**WHAT YOU SHOULD DO:** Could you copy exactly the lines below, beginning at the line with "Geweer, zgn. vuursteenmusket, met" and stopping after the line with "Komplet nasadnih ključev", with no pictures?

**INPUT RECORDS:**
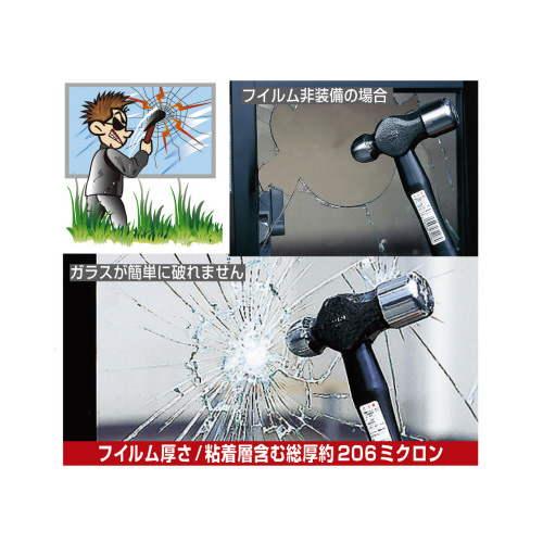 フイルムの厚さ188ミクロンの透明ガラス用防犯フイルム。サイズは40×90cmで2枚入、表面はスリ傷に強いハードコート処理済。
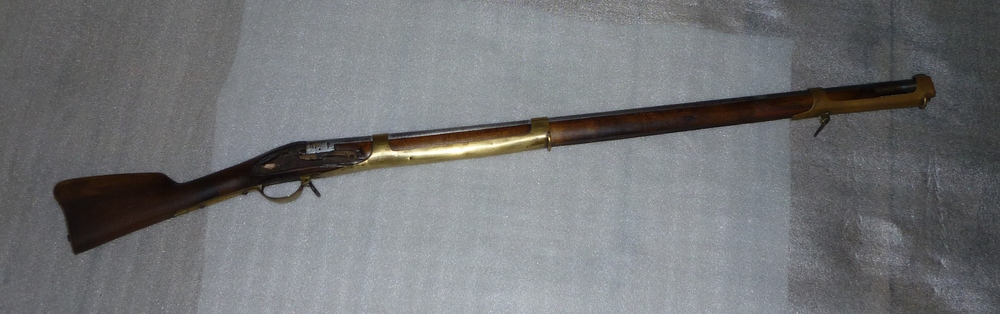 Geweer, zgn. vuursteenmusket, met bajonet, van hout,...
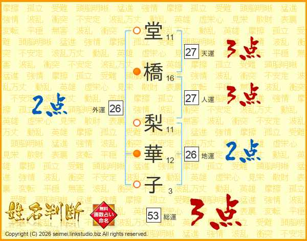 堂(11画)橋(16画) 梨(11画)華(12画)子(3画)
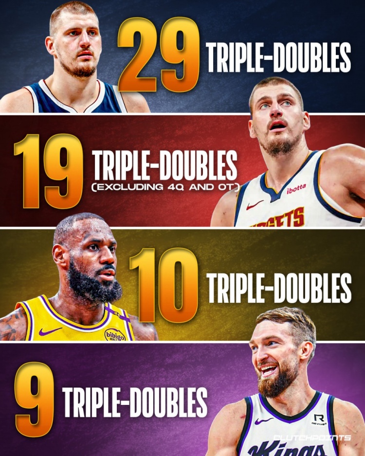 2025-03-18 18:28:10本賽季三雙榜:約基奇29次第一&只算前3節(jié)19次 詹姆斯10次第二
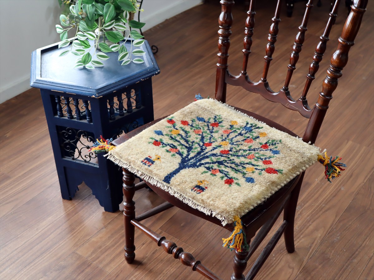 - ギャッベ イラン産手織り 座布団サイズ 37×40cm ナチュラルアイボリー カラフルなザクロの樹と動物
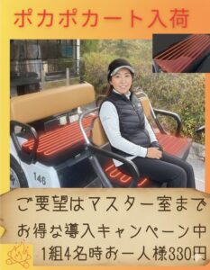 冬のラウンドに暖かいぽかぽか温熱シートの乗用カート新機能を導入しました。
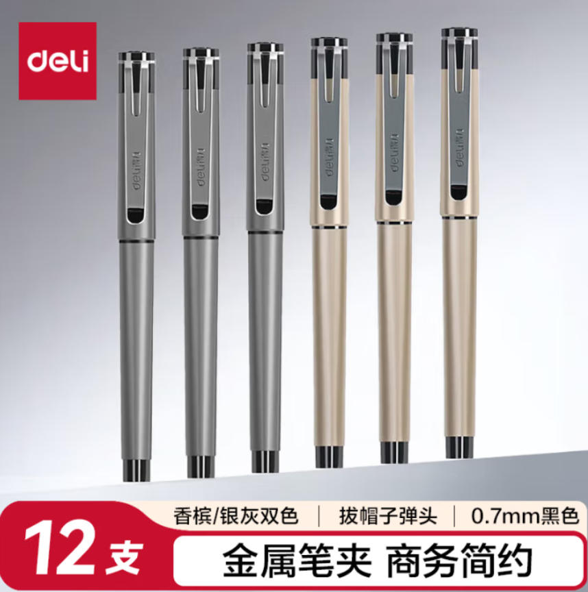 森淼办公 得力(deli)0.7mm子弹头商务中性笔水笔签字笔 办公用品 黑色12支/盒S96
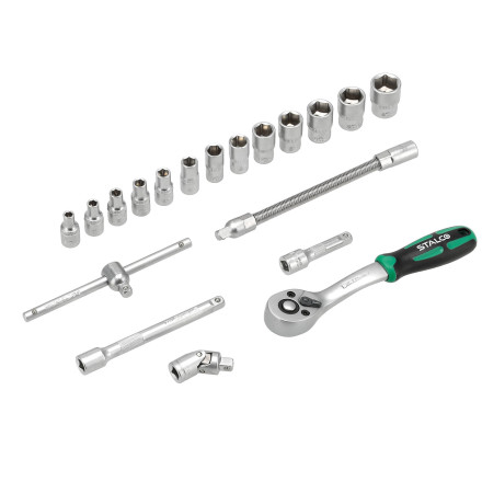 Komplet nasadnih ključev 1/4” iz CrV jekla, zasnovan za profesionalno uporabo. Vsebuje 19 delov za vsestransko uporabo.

...

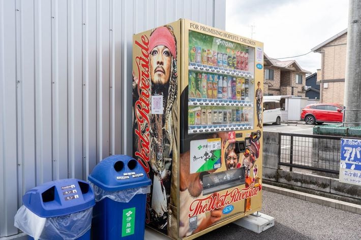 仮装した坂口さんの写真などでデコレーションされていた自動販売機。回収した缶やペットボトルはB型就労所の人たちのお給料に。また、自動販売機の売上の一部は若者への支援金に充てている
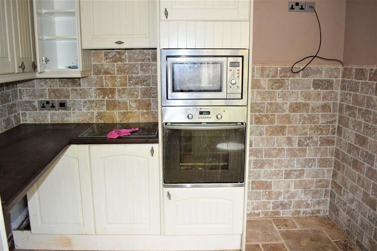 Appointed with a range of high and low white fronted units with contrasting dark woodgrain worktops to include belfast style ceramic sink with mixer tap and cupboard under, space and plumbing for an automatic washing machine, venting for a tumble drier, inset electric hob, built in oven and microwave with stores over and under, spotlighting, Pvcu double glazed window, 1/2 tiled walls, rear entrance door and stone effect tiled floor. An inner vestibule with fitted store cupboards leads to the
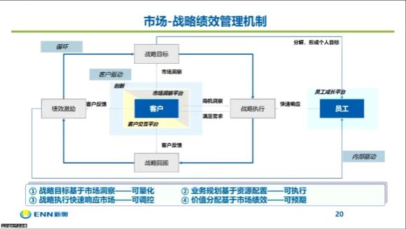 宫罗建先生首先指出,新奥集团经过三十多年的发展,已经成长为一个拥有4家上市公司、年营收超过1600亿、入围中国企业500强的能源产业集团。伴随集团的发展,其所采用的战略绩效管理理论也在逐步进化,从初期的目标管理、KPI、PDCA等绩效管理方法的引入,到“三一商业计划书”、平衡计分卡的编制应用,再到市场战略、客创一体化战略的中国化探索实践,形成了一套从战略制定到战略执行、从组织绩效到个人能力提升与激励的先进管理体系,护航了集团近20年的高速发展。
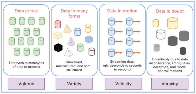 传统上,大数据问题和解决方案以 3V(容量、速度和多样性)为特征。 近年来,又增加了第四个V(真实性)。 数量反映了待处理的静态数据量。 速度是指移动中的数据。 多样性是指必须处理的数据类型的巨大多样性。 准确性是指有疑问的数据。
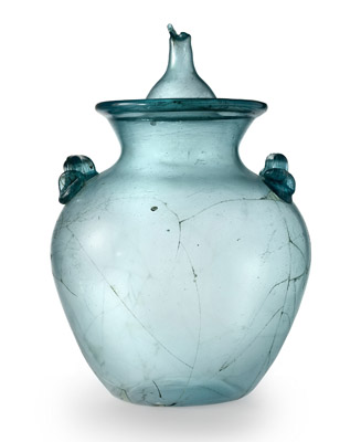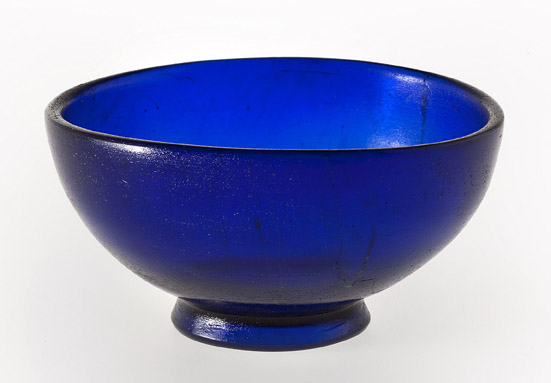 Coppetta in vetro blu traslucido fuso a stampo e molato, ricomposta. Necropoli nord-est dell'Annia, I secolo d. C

**WORKED SOLUTION:**
 Geweer, zgn. vuursteenmusket, met bajonet, van hout,...
 堂(11画)橋(16画) 梨(11画)華(12画)子(3画)
 2025-03-18 18:28:10本賽季三雙榜:約基奇29次第一&只算前3節(jié)19次 詹姆斯10次第二
 - ギャッベ イラン産手織り 座布団サイズ 37×40cm ナチュラルアイボリー カラフルなザクロの樹と動物
 冬のラウンドに暖かいぽかぽか温熱シートの乗用カート新機能を導入しました。
 森淼办公 得力(deli)0.7mm子弹头商务中性笔水笔签字笔 办公用品 黑色12支/盒S96
 Komplet nasadnih ključev 1/4” iz CrV jekla, zasnovan za profesionalno uporabo. Vsebuje 19 delov za vsestransko uporabo.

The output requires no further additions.